# Hitachi Problem



## TXMichelle (Feb 21, 2008)

Sorry I don't have the model number right now, but will post it later if necessary.

We bought this TV in 2006 and it's a rear projection. First thing the light engine went out or was bad.

Current problem is very frustrating and our Circuit City Tech seems unable to fix the problem.

About 6 months ago, every time you turn the TV on, it has a purple haze to the whole screen. Tech came out....wiggled the HDMI cable and it was fixed.

Next day, same problem.
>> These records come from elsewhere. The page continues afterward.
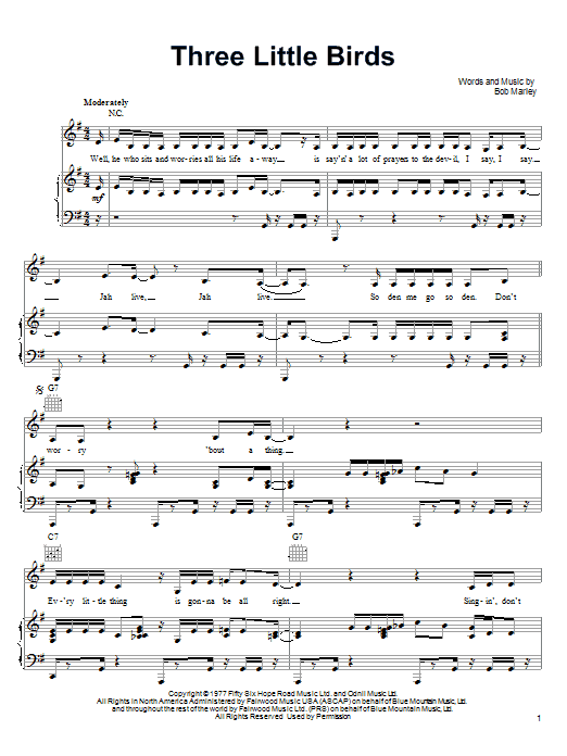 Download or print Ziggy Marley & Sean Paul Three Little Birds sheet music, chords and digital score arranged for Piano, Vocal & Guitar Chords (Right-Hand Melody). This Children score includes 8 page(s).
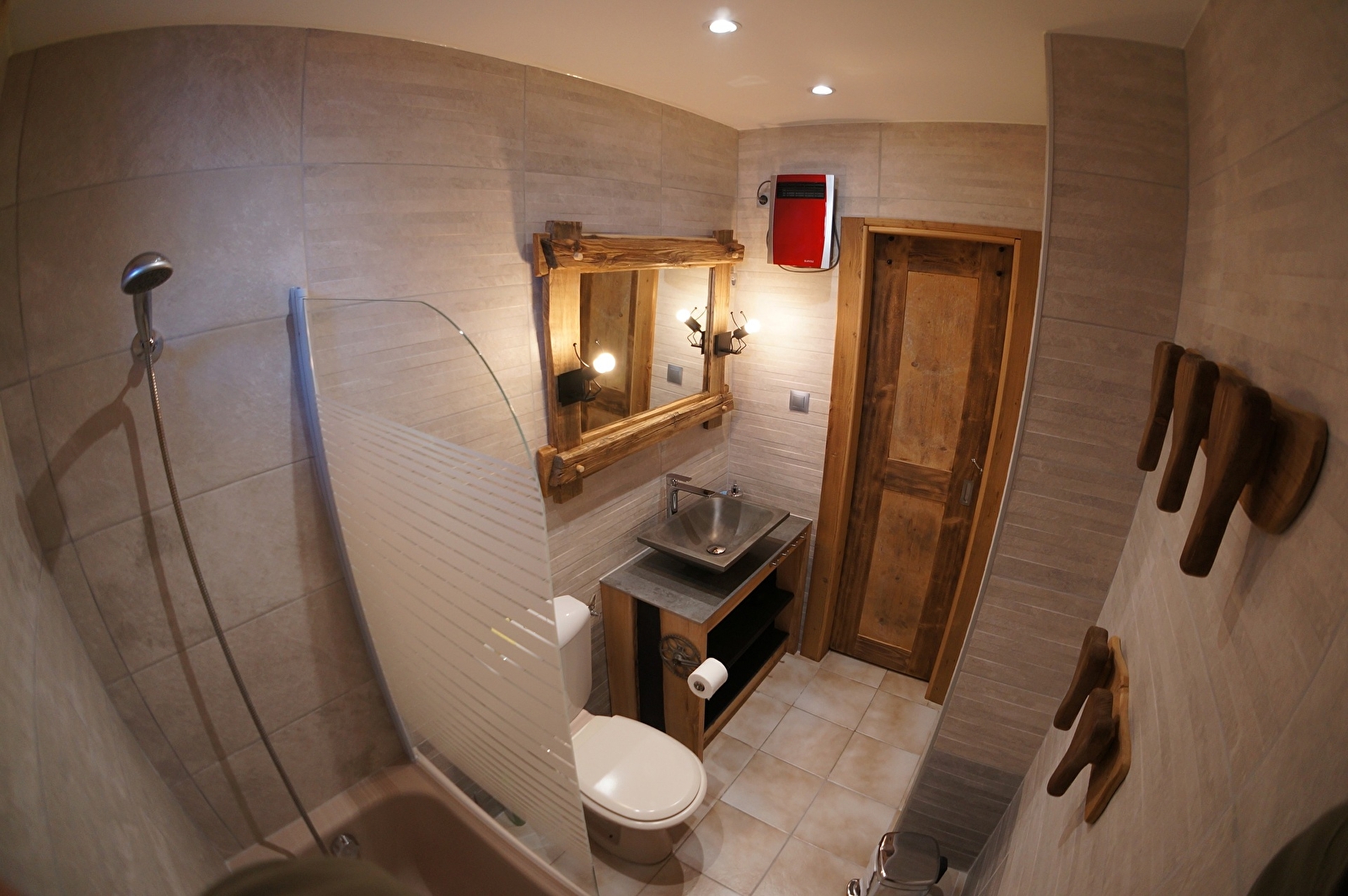 Il est composé d'une chambre avec un lit double et d'un lit superposé, une salle de bain avec baignoire, une cuisine et une salle à manger/séjour avec un clic-clac qui fait lit si vous avez besoin d'un deuxième espace couchage distinct.
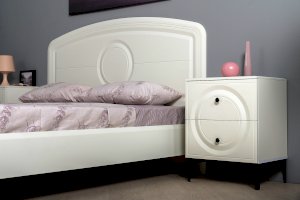 Кровать установлена на высокие ножки, что делает конструкцию лёгкой и воздушной, изголовье кровати декорировано фрезеровкой. Матрас укладывается на ортопедическое основание с гнутоклееными ламелями.
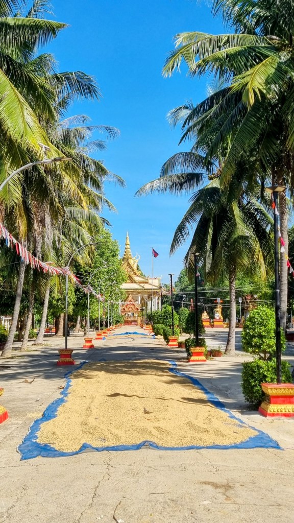 En fin d’après-midi, Le marché couvert assure pour le dîner une récolte généreuse de fruits, mangue jaune géante, fruit du dragon coloré, longanes pulpeux à la chair translucide, clémentines à l’écorce verte gorgées de saveur sucrées. Dans les boulangeries, les baguettes entassées dans les vitrines rappellent l’institution française devenue désormais quotidien cambodgien.
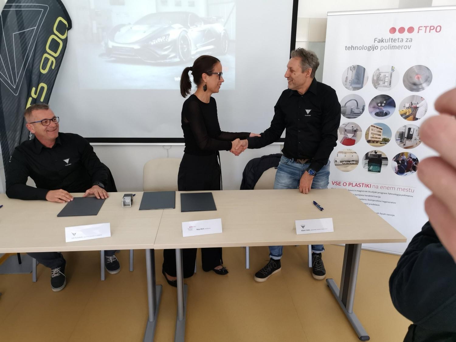 Danes, 8. 4. 2019, je na FakultetI za tehnologijo polimerov v okviru Kariernega centra FTPO potekala predstavitev podjetniške zgodbe in novega modela v Sloveniji izdelanega hiperavtomobila „ts 900h apex“ podjetja Tushek Supercars, ki je tudi razvojni partner Fakultete za tehnologijo polimerov, na kar so v Slovenj Gradcu še posebej ponosni. Danes so, v okviru predstavitve podjetja podpisali tudi pogodbo o sodelovanju, kar je po besedah direktorice Maje Mešl tudi izredno velika priložnost za fakulteto.
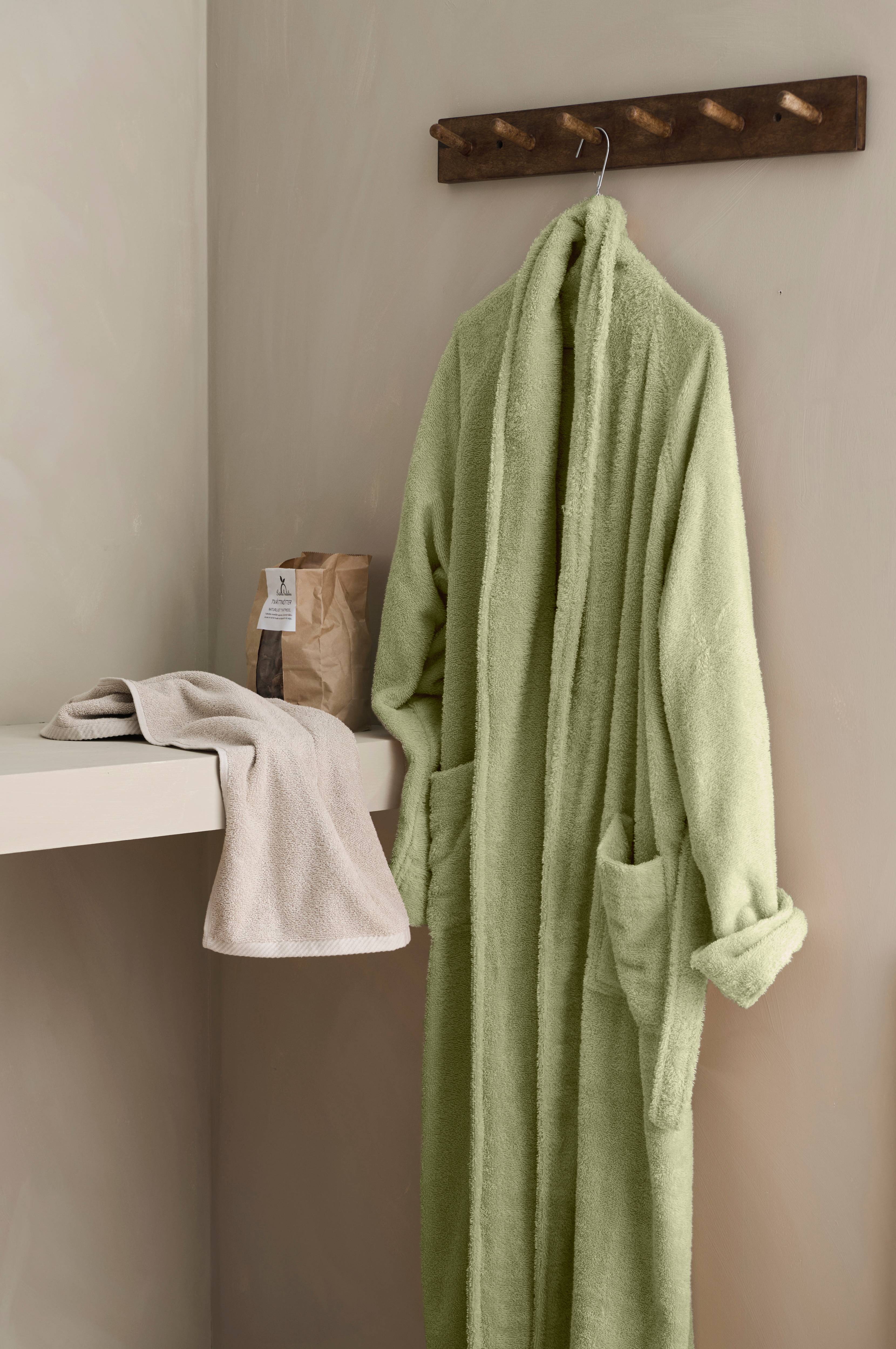Badrock av 100% bomullsfrotté med krage, två fickor och knytskärp. Längd 120 cm i stl 38/40.

Every time we have the TV turned off for a period of time, you have to unplug and replug the HDMI cable.

He has updated the software and replaced and huge part that cosisted of a circuit board and all sorts of other components.....we replaced the HDMI cable and switched out the Verizon FIOS DVR. 

Problem is still there.

Any ideas??

Thanks.


----------



## yustr (Sep 27, 2004)

First of all, welcome to TSF. We're glad you found the best place on the web...:wave:

If its under warranty from the factory - call Hitachi directly. 

If you're on the CC extended warranty - look to see if there's a lemon clause in the policy. Then keep calling them back until you can employ that clause. Make sure to get a copy of each service order. It won't get your TV fixed but it might get you a new one.


----------